Share your dilemmas and get honest opinions from other Mumsnetters.

To be shocked at how many people think having no contact with family is normal?

367 replies

dogscatsandbabies · 12/08/2014 06:14

I'm a lurker. Can't help it, I find AIBU gets me through many a night feed. I'm always totally shocked at how blasé some posters can be when giving advice "she sounds unbearable to me, I'd go NC" and similar phrases.

Really? Just like that you'd advise someone you don't know to break all ties with a relative over a situation you've only heard one side of, creating a family situation that can become unbearable for husbands / wives / siblings who are very literally stuck in the middle?

I know there are some situations when decisions are taken not to see family anymore for various good reasons but I'd seriously hope these were carefully considered and thought through in time given the wider impact it can have. NC just seems so normal to so many.
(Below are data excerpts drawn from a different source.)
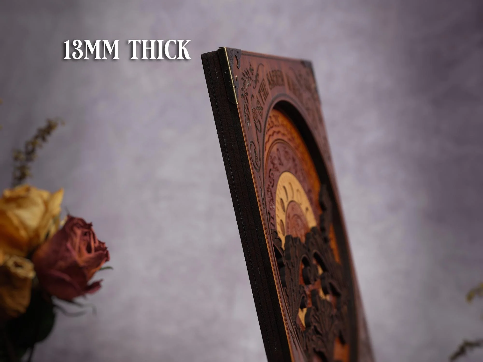 The front panel of the piece features various pieces of both Wiccan and Pagan iconography (including pentagrams, goddess icons, knots of protection, triskele and more, and the four brass style corner pieces really finish off this piece.
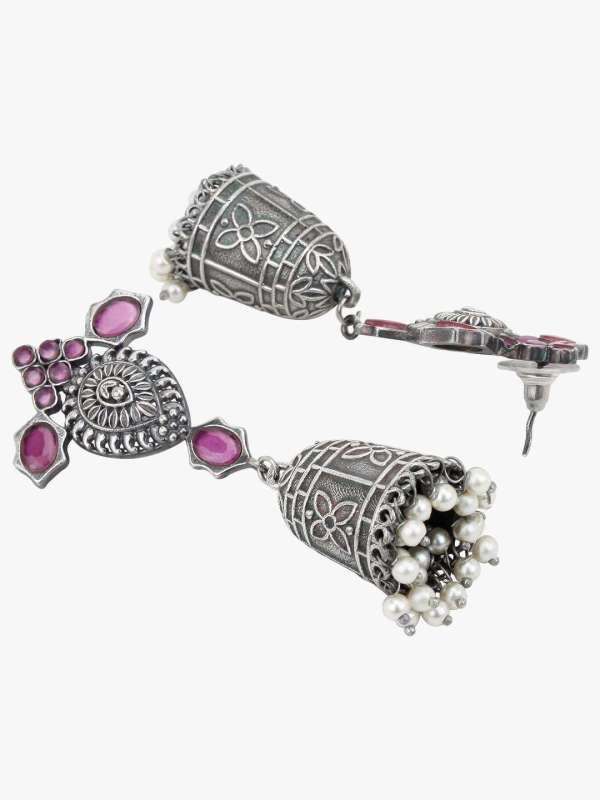 Women Silver-Plated Pink Dome Shapped Jhumka,Silver-plated,our Silver plating is long lasting and non allergic to skin,and has artificial stones,Secured with a post and back closure. Beautiful Looks at One Glance – with Intricate High Polish creates Glamorous Reflections and adds Luxurious Looks
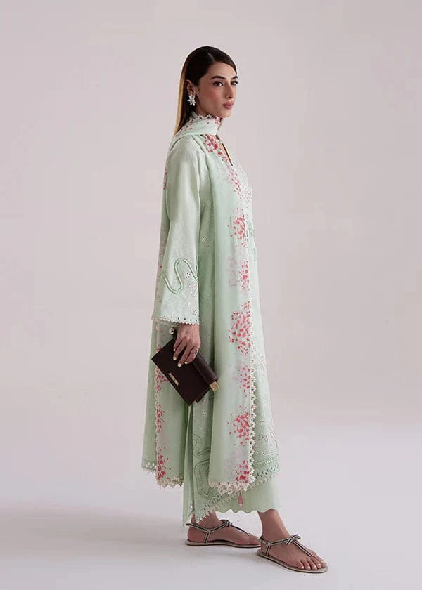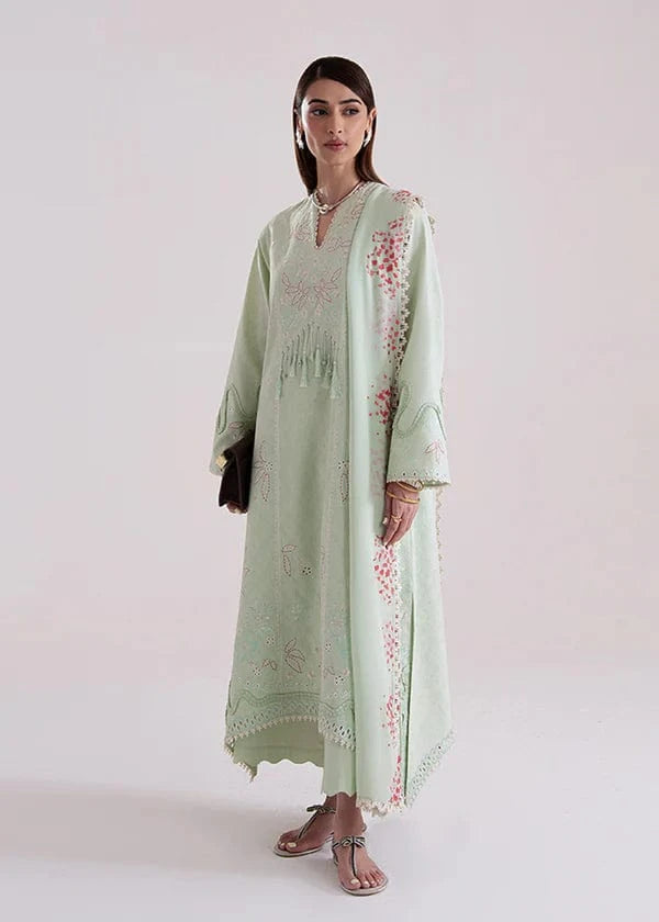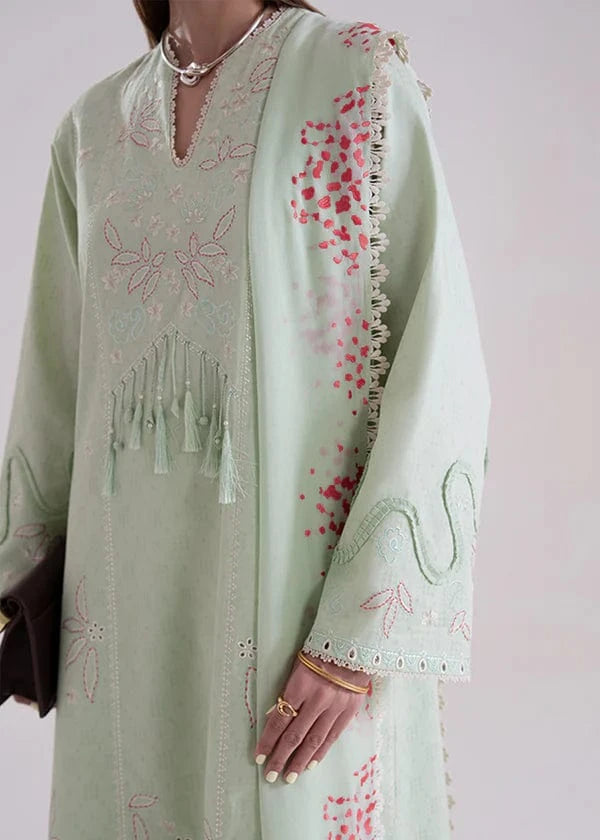 Mint Green drop-corner jacquard lawn shirt with a slight V neckline. Features geometric floral embroidery with curtain-like tassels, floral boring on hem, and bell sleeves with winding stitch details for contrast.

Is it just me that thinks (safety of children etc aside) most problems are at least worth working on?

OP posts:
Delphiniumsblue · 14/08/2014 07:17

That was what I was talking about, Koala, but found everyone else was interpreting it to be about abuse.
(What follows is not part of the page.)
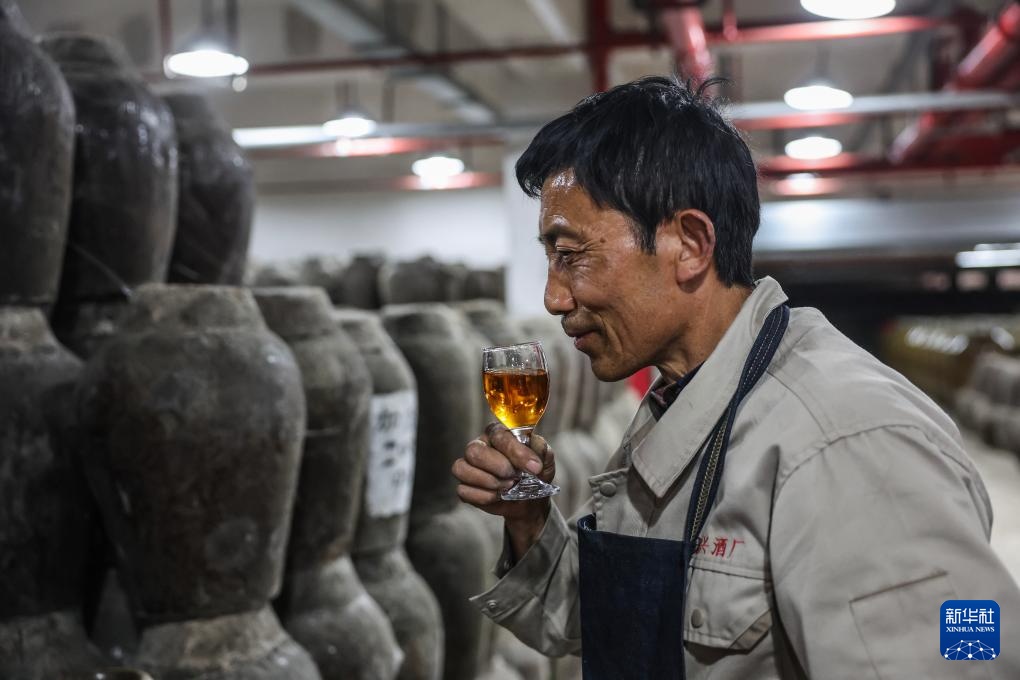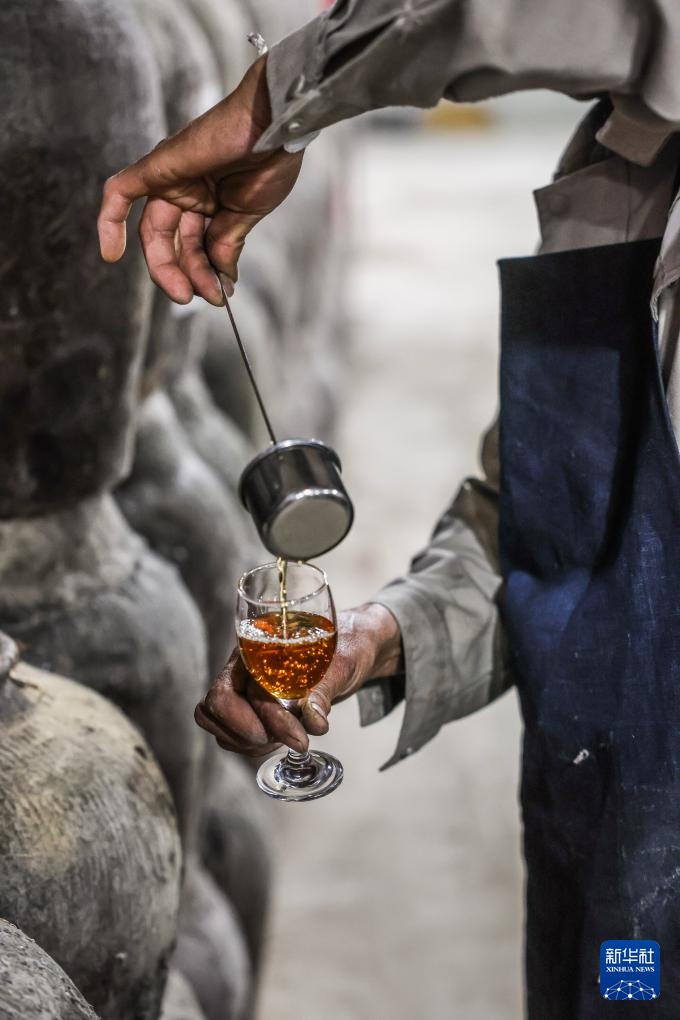 4月16日,在嘉兴南湖区湘家荡农业加工园的老字号企业嘉兴酒厂的地下酒库内,工人在开坛检查年份黄酒的色香味。新华社记者 徐昱 摄

flippinada · 14/08/2014 07:21

Except that nobody, as it has been explained at quite some length, and detail does go no contact for reasons like that.

And these examples of threads where MNers urge no contact for similarly trivial concerns haven't been forthcoming.
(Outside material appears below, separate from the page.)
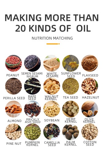 Możesz użyć tej maszyny do wyciskania prawie wszystkich rodzajów nasion, takich jak migdały, orzeszki ziemne, nasiona kamelii, rzepak, nasiona rącznika, sezam (czarny i biały sezam), soja, nasiona słonecznika, orzechy włoskie i makadamia. Olej sojowy, sezamowy, słonecznikowy itp. Różne urządzenia, sterowanie mikroelektryczne, ogrzewanie na podczerwień, filtr próżniowy, ponownie odsysane.

Perhaps that's because they don't exist?

mummytime · 14/08/2014 07:45

If you can find an example of someone suggesting NC for something trivial (except a joke thread) then please link to it here.

KristinaM · 14/08/2014 07:45

It sees that , for most people, spending time on Mumsnet makes them a bit more open minded. They realise that there is often a back story, things about other peoples lives they never knew or understood before. That things are sometimes not as black and white as they thought, more complex . They get a tiny insight into what it's like to live with special needs, serious illness, domestic violence, mental health problems , abuse .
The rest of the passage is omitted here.